- **What you have to do**
From the first line down to the line containing "レザージャケット¥39,600(メゾンスペシャル/メゾンスペシャル 青山店)、ブラトップ¥13,200(オム ガールズ/アダム", print the records below exactly, leaving every picture out.

- **Stored records**
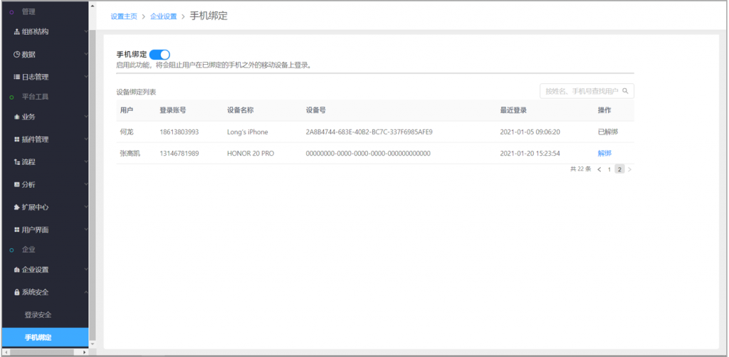開啟后,用戶在手機端登錄綁定后,會生成一條綁定數據
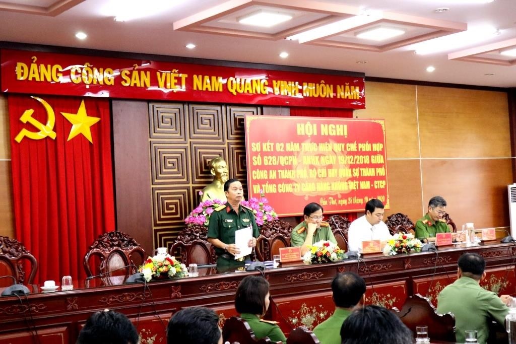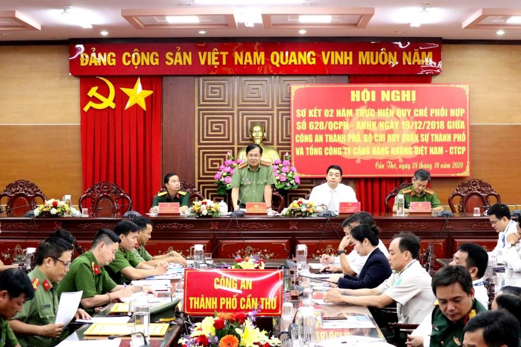 Ngày 28/10/2020, Cảng HKQT Cần Thơ đã tổ chức Hội nghị Sơ kết 02 năm thực hiện Quy chế phối hợp số 628/QCPH-ANHK ngày 19/12/2018 giữa Công an, Quân đội thành phố Cần Thơ và Tổng công ty Cảng hàng không Việt Nam – CTCP trong công tác trao đổi, xử lý thông tin và phối hợp đảm bảo an ninh, an toàn hàng không dân dụng tại Cảng hàng không quốc tế Cần Thơ. Hội nghị có sự tham dự của lãnh đạo Công an, Bộ Chỉ huy quân sự thành phố Cần Thơ, lãnh đạo Tổng Công ty Cảng hàng không Việt Nam, lãnh đạo Ban An ninh, Ban An toàn – Kiểm soát chất lượng Tổng Công ty, Ban Giám đốc và lãnh đạo các Phòng chuyên môn của Cảng HKQT Cần Thơ. Ngoài ra Hội nghị còn có sự tham dự của tất cả các đơn vị liên quan trong ngành hàng không hoạt động tại Cảng HKQT Cần Thơ như Cảng vụ hàng không, Đài kiểm soát không lưu, Hải quan cửa khẩu, Kỹ thuật máy bay, Xăng dầu hàng không, Đài dẫn đường DVOR/DME và dại diện tất cả các hang hàng không đang khai thác tại Cảng.
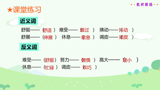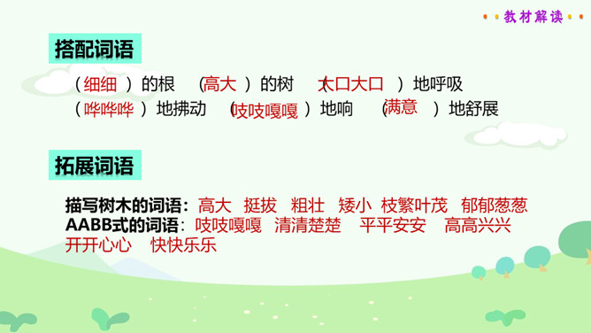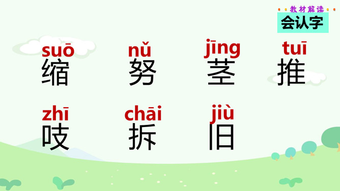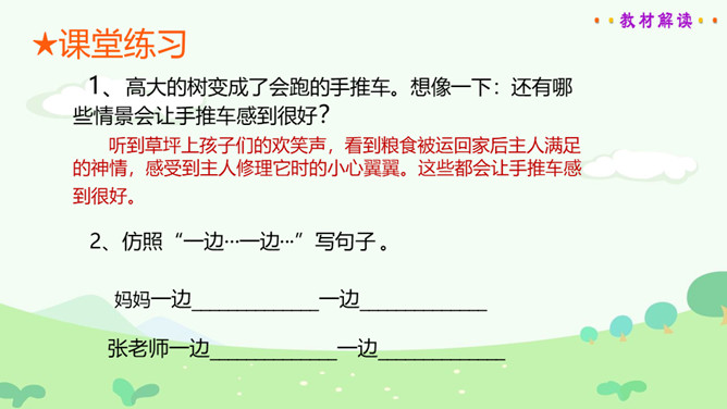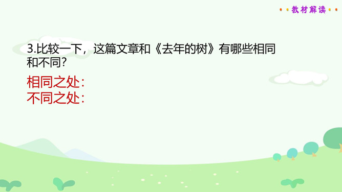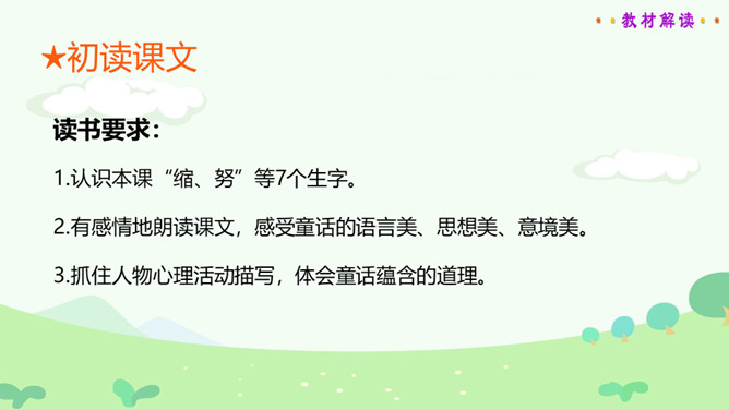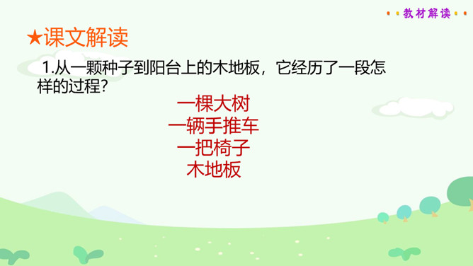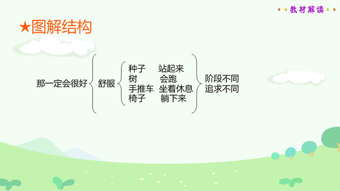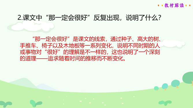 读书要求:1.认识本课“缩、努”等7个生字。2.有感情地朗读课文,感受童话的语言美、思想美、意境美。3.抓住人物心理活动描写,体会童话蕴含的道理。从一颗种子到阳台上的木地板,它经历了一段怎样的过程?课文中“那一定会很好”反复出现,说明了什么?“那一定会很好”是课文的线索,通过种子、高大的树、手推车、椅子以及木地板等一系列变化,说明不同时期的人或事物对“很好”的理解是不一样的,这也说明了一个深刻的道理——追求随着时间的推移而不断变化。所属专题:那一定会很好ppt。
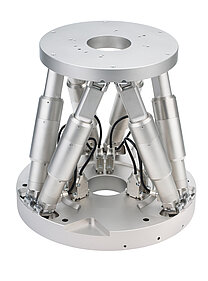 A hexapod is a parallel-kinematic motion platform, that moves, positions, and aligns loads in six degrees of freedom: three translational axes (X, Y, Z) and three rotational axes (ΘX, ΘY, ΘZ). The typical structure of a hexapod, also known as Stewart platform, consists of six length-adjustable actuators connected via joints to the base plate as well as a motion platform that carries the load. Thanks to their parallel-kinematic design, hexapods can execute complex multi-axis motion profiles with high repeatability, dynamics, and stability. At the same time, they are very compact.
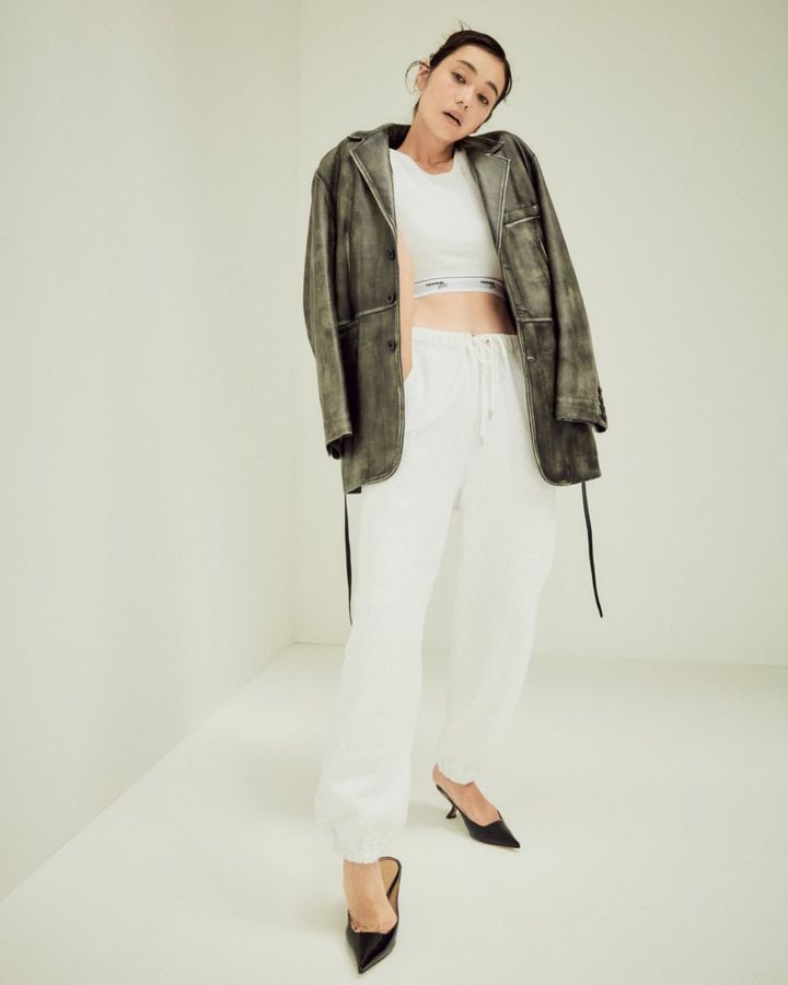 レザージャケット¥39,600(メゾンスペシャル/メゾンスペシャル 青山店)、ブラトップ¥13,200(オム ガールズ/アダム エ ロペ)、スエットパンツ¥29,700(オールド イングランド/オールド イングランド銀座店)、シューズ¥72,600(ペリーコ/アマン)
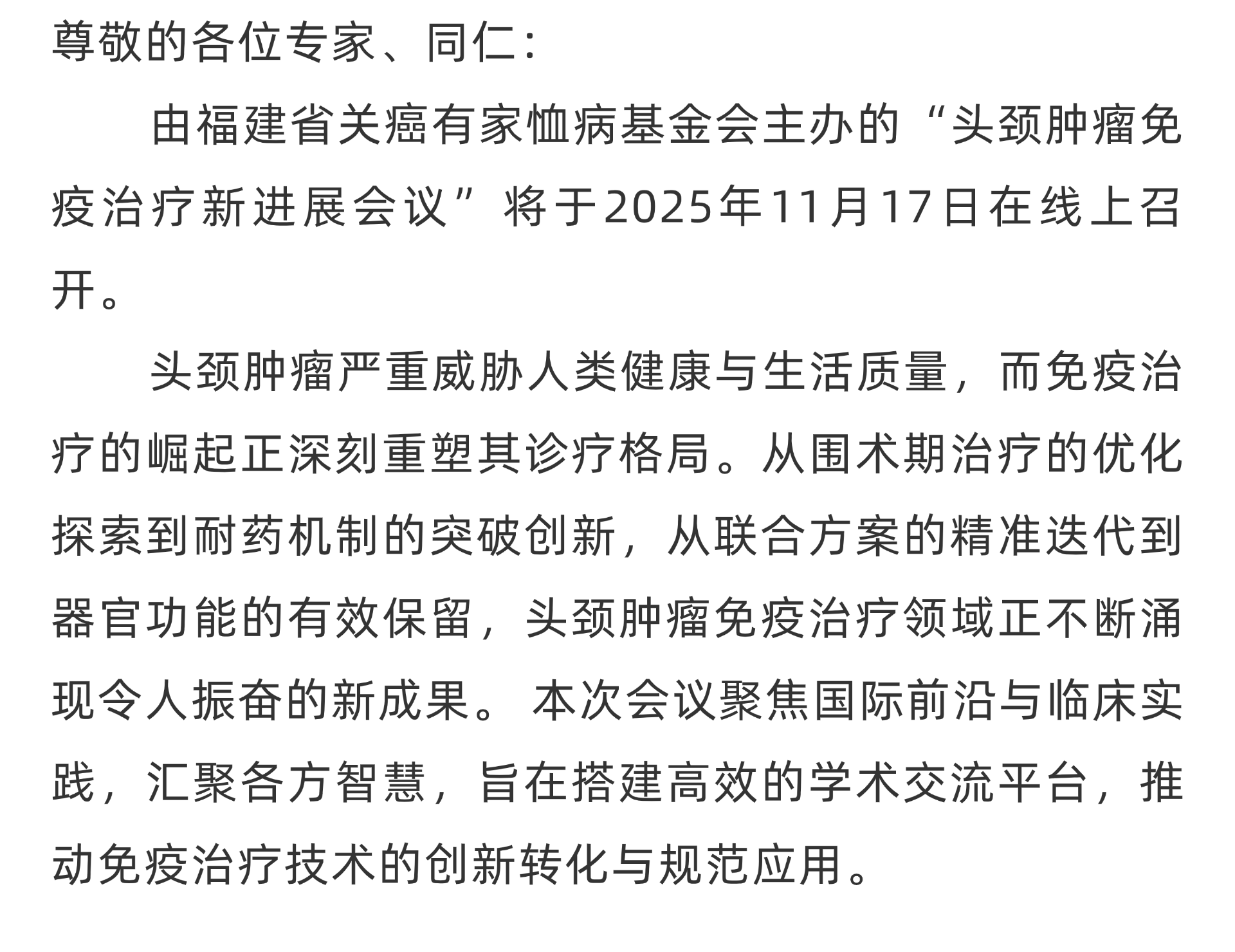 会议公告|头颈肿瘤免疫治疗新进展会议

- **Response to the exercise**
開啟后,用戶在手機端登錄綁定后,會生成一條綁定數據
 Ngày 28/10/2020, Cảng HKQT Cần Thơ đã tổ chức Hội nghị Sơ kết 02 năm thực hiện Quy chế phối hợp số 628/QCPH-ANHK ngày 19/12/2018 giữa Công an, Quân đội thành phố Cần Thơ và Tổng công ty Cảng hàng không Việt Nam – CTCP trong công tác trao đổi, xử lý thông tin và phối hợp đảm bảo an ninh, an toàn hàng không dân dụng tại Cảng hàng không quốc tế Cần Thơ. Hội nghị có sự tham dự của lãnh đạo Công an, Bộ Chỉ huy quân sự thành phố Cần Thơ, lãnh đạo Tổng Công ty Cảng hàng không Việt Nam, lãnh đạo Ban An ninh, Ban An toàn – Kiểm soát chất lượng Tổng Công ty, Ban Giám đốc và lãnh đạo các Phòng chuyên môn của Cảng HKQT Cần Thơ. Ngoài ra Hội nghị còn có sự tham dự của tất cả các đơn vị liên quan trong ngành hàng không hoạt động tại Cảng HKQT Cần Thơ như Cảng vụ hàng không, Đài kiểm soát không lưu, Hải quan cửa khẩu, Kỹ thuật máy bay, Xăng dầu hàng không, Đài dẫn đường DVOR/DME và dại diện tất cả các hang hàng không đang khai thác tại Cảng.
 读书要求:1.认识本课“缩、努”等7个生字。2.有感情地朗读课文,感受童话的语言美、思想美、意境美。3.抓住人物心理活动描写,体会童话蕴含的道理。从一颗种子到阳台上的木地板,它经历了一段怎样的过程?课文中“那一定会很好”反复出现,说明了什么?“那一定会很好”是课文的线索,通过种子、高大的树、手推车、椅子以及木地板等一系列变化,说明不同时期的人或事物对“很好”的理解是不一样的,这也说明了一个深刻的道理——追求随着时间的推移而不断变化。所属专题:那一定会很好ppt。
 A hexapod is a parallel-kinematic motion platform, that moves, positions, and aligns loads in six degrees of freedom: three translational axes (X, Y, Z) and three rotational axes (ΘX, ΘY, ΘZ). The typical structure of a hexapod, also known as Stewart platform, consists of six length-adjustable actuators connected via joints to the base plate as well as a motion platform that carries the load. Thanks to their parallel-kinematic design, hexapods can execute complex multi-axis motion profiles with high repeatability, dynamics, and stability. At the same time, they are very compact.
 レザージャケット¥39,600(メゾンスペシャル/メゾンスペシャル 青山店)、ブラトップ¥13,200(オム ガールズ/アダム エ ロペ)、スエットパンツ¥29,700(オールド イングランド/オールド イングランド銀座店)、シューズ¥72,600(ペリーコ/アマン)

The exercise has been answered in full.